Stored items from a collection:
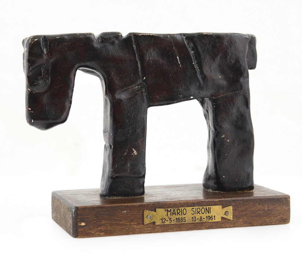 MARIO SIRONI Sassari 12/05/1885 - Milano 05/08/1961 Cavallino, (1950) scultura in gesso colorato e patinato cm. 10,8x15,5x4, opera non firmata, etichetta della Galleria Annunciata (MI) sotto la base, opera registrata al numero 63/10 RA presso l'archivio della Associazione per il Patrocinio e la Promozione della Figura e dell'Opera di Mario Sironi (MI) come da dichiarazione su foto, dichiarazione d'autenticità a cura di Francesco Meloni (che la data 1940 ca.) su foto. Bibliografia: -R.De Grada, "Mario Sironi", Club Amici dell'Arte Editore, Milano, 1972, pagina 158, figura 80. -"Mario Sironi, Sculture-Opere su carta", catalogo della mostra, Roma, Galleria Arco Farnese, 24 maggio - 30 giugno 1985, pagina 27, numero 35 (scheda alla pagina 13).
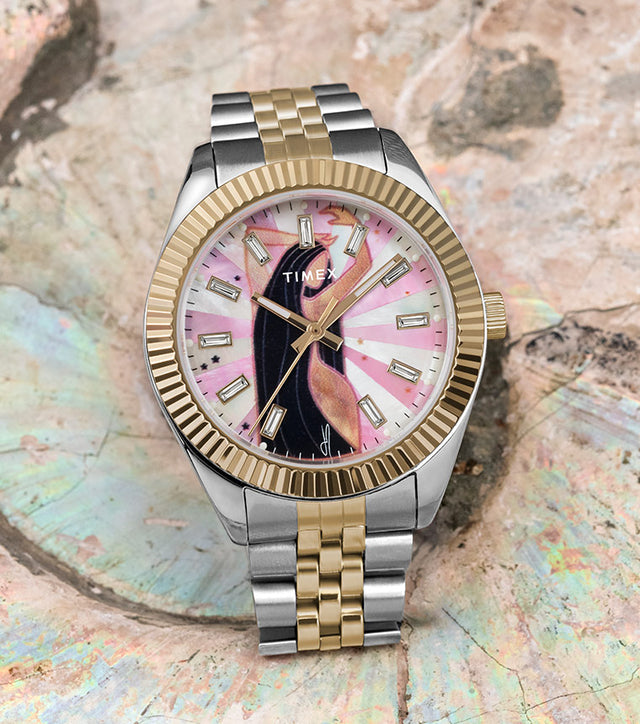 The Timex Legacy x Jacquie Aiche Musings collection inspires you to make time for what sparks the light within so that your true essence can shine. The dial showcases a divinely feminine mosaic, with a pink background pieced together using shimmering mother-of-pearl that glistens with your every movement. Illuminate your wrist stack with its ethereal glow and keep on shining.Specifications
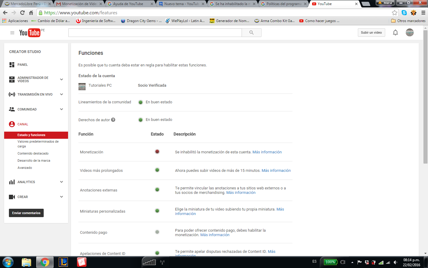 PD: He aquí una captura de pantalla: tengo mis Derechos de Autor en buen estado, y no tuve ninguna infracción; por qué entonces de golpe me cancelan la monetización? Lo lógico sería, enviar una infracción o una advertencia, pero no para bloquear esa opción.
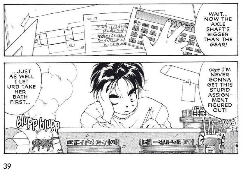 Keiichi using a Sharp PC-1401 calculator/computer and a so far unidentified mechanical pencil (Oh My Goddess #5, p.39, read right to left)
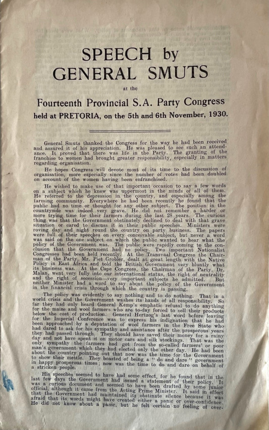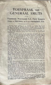2. SPEECH by GENERAL SMUTS at the Fourteenth Provincial S.A. Party Congress held at Pretoria, on the 5th and 6th November, 1930. 2 folded stapled leaves - 8pp. with the Afrikaans version (GENERAAL SMUTS SE TOESPRAAK ........) on the rear 4 pages. A good copy of this fragile item. Does not appear to be in SABIB.

Problem statement :: From the line containing "PD: He aquí" down to the end of the data above, reproduce each line exactly; no pictures.

Finished exercise ::
 PD: He aquí una captura de pantalla: tengo mis Derechos de Autor en buen estado, y no tuve ninguna infracción; por qué entonces de golpe me cancelan la monetización? Lo lógico sería, enviar una infracción o una advertencia, pero no para bloquear esa opción.
 Keiichi using a Sharp PC-1401 calculator/computer and a so far unidentified mechanical pencil (Oh My Goddess #5, p.39, read right to left)
2. SPEECH by GENERAL SMUTS at the Fourteenth Provincial S.A. Party Congress held at Pretoria, on the 5th and 6th November, 1930. 2 folded stapled leaves - 8pp. with the Afrikaans version (GENERAAL SMUTS SE TOESPRAAK ........) on the rear 4 pages. A good copy of this fragile item. Does not appear to be in SABIB.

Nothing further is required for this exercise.